Popular Science

Neurath, Marie | Inside the Atom

Notify me when similar items are available:

  • RESERVED First edition, first impression of this important work of science illustration by data-visualisation pioneer Marie Neurath (1898-1986).

    Neurath, together with her husband Otto and their colleague Gerd Arntz, was one of the founders of Isotype, a simplified visual method of displaying complex information to the public. First developed in the 1920s, and originally known as the Vienna Method of Pictorial Statistics, the goal of Isotype was ”to cross national and social divides in a time before widespread global communication. To do that, Isotype went back to basics and stripped away all things unnecessary, illogical, or alienating—and in doing so, helped to establish some of the core principles of graphic design. Today, Isotype’s legacy can be seen everywhere from newspapers and textbooks to signage, transit maps, interfaces, and emojis” (Inglis, “Meet Marie Neurath,” AIGA Eye on Design, September 17, 2019).
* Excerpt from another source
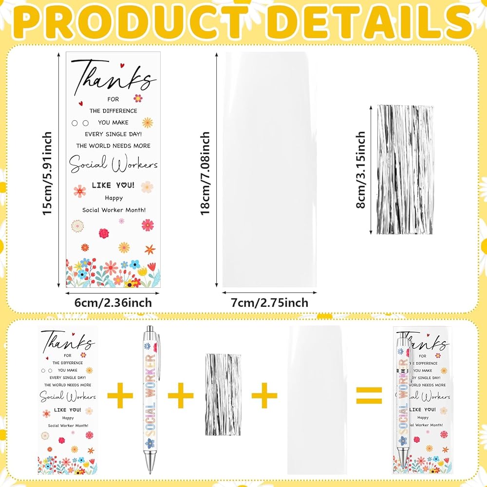 • Thoughtful Size, Comfortable Writing: our colorful social workers pens are sized at about 5.43 inches/ 13.8 cm, easy to hold and write; And the social worker appreciation cards are about 5.91 x 2.36 inches/ 15 x 6 cm, portable and compact. You can use a cable tie to assemble the pen and card into an opp bag to form a beautiful gift combination, convenient for storage and giving away; Perfect for meaningful events such as social work month gifts, social worker appreciation gifts

    Marie Neurath “was a remarkable practitioner” who “researched, calculated, and co-designed nearly every Isotype ever created, from the early days in Vienna in 1925 all the way to when she retired in 1971” (Forrest, “The Missing Legacy of Marie Neurath,” MediumJanuary 20, 2020). She described her role as that of the “Transformer” of data, writing that “From the data given in words and figures, a way has to be found to extract the essential facts and put them into picture form. It is the responsibility of the transformer to understand the data, to get all necessary information from the expert, to decide what is worth transmitting to the public, how to make it understandable, how to link it with general knowledge or with information already given in other charts. In this sense, the transformer is the trustee of the public” (Neurath, The Transformer, 2009).

    Marie continued the work after Otto’s death in 1945, becoming best known for the series of children’s books she published over the next twenty years. “In children’s educational books Marie found an ideal place to put Isotype’s methods into practice. Young readers were more engaged by pictures than words, and this focus on the visual meant these books were easily translated and published abroad, fulfilling Isotype’s original aims of being truly international” (Inglis).

  • London: Max Parrish, Isotype. Printed by Graphic Reproductions Ltd., 1956.

    Quarto. Original red cloth-patterned boards, titles to spine and upper board, and crystal design to upper board gilt. 3-colour offset lithography. Corners bumped, spine rolled, boards darkened corresponding to jacket chips, contents toned with occasional small spots, spotting to edges of text block. A good copy in the dulled and marked jacket with chips from the corners and ends of the spine, and a closed tear running halfway up the spine panel.